The Romans believed mistletoe was the product of lightening, a gift from the gods, since it suddenly appeared out of nowhere. In the frozen north, Norse lore holds that the goddess Frigga so loved her son Baldur that she extracted a promise from all the vegetation and inanimate objects around him that they would never harm Baldur, but she forgot to ask the mistletoe. The prankster god Loki discovered this and poisoned Baldur. But not to worry, Baldur was soon resurrected from the dead.
Meanwhile the Anglo-Saxons had also noted this bushy green on their slumbering apple trees and the thrush seen on them before the growth appeared. Practical, agrarian folk, they put two and two together and call it mistletoe, mistle meaning dung, and tan meaning twig. Thus calling it “dung on twigs.” (Sort of takes the romance out of it, huh?)
But fear not, the romantic Celts are on the move, their swords and Druid lore in hand. Time passes and these romantic, music-loving warriors sing of fairies and love. More time passes and now they’re Christian…who hang the plentiful mistletoe and ivy all over their homes as they celebrate the Winter Solstice, which their 2d century pope doesn’t think right. So he worries and one night dreams Christmas must be on December 25th, the period of pagan Winter Solstice celebrations.
But old habits die hard in the face of hardship and the mistletoe is pretty and plentiful. Add a bit here and there and even the poorest can decorate their homes like the rich. Better yet, everyone knows mistletoe translates to “all heal,” and brings luck since it’s the habitat of tree fairies, (whom you do not want to tick off.)
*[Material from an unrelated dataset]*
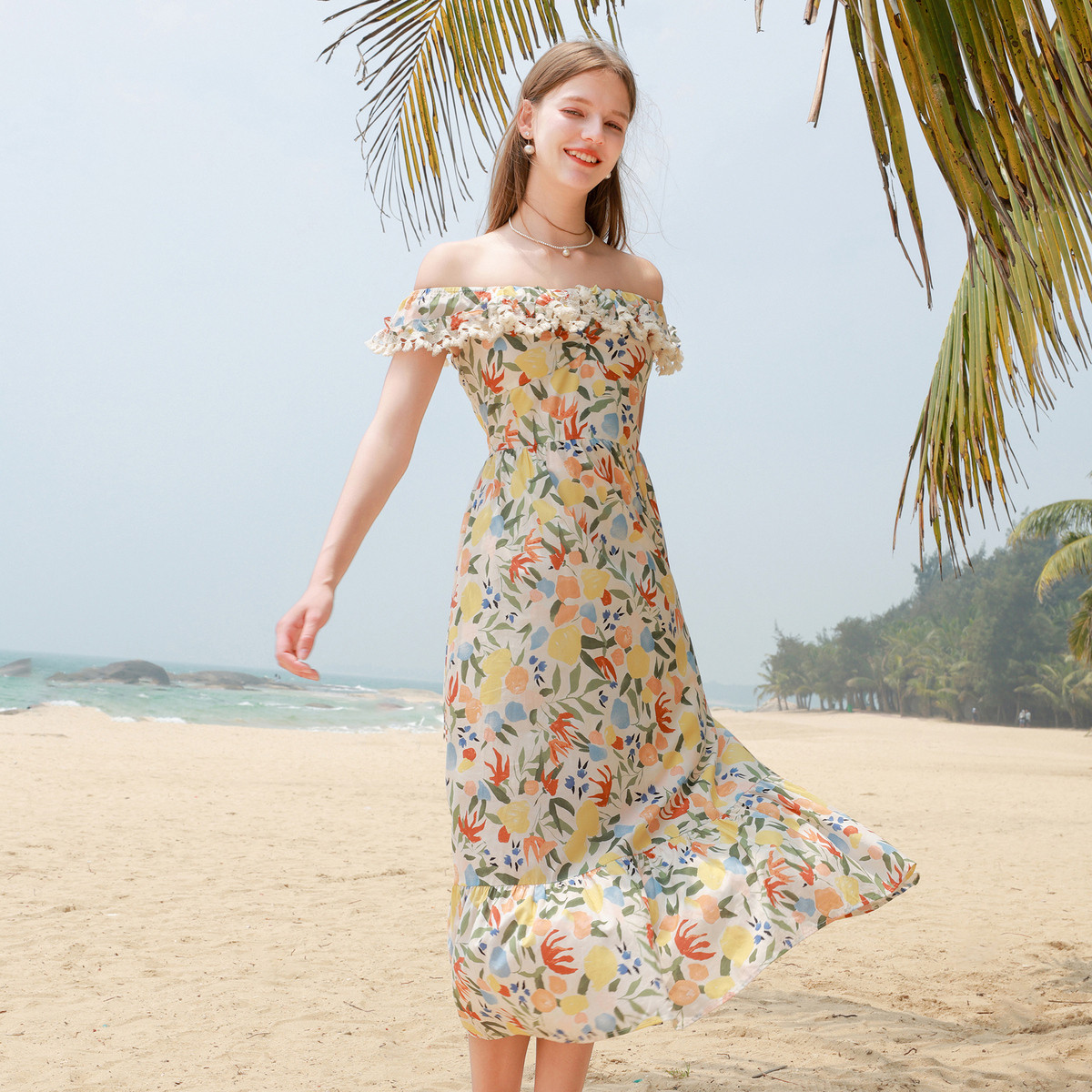 碎花连衣裙流苏拼接收腰A字裙度假风浪漫长裙女

Hence the tradition goes on and the berry-loaded mistletoe continues to be hung in doorways at Christmas. Soon randy lads who find comely lasses beneath the bushy green boughs can remove a berry and steal a kiss without repercussions. Sadly, when the berries are gone, so too are the free kisses.
So, go hang your mistletoe, knowing you’re not only making your home a feast for the eyes and promoting love, but you’re also providing warm shelter for the tree fairies, who in turn will protect your home from innumerable malicious spirits.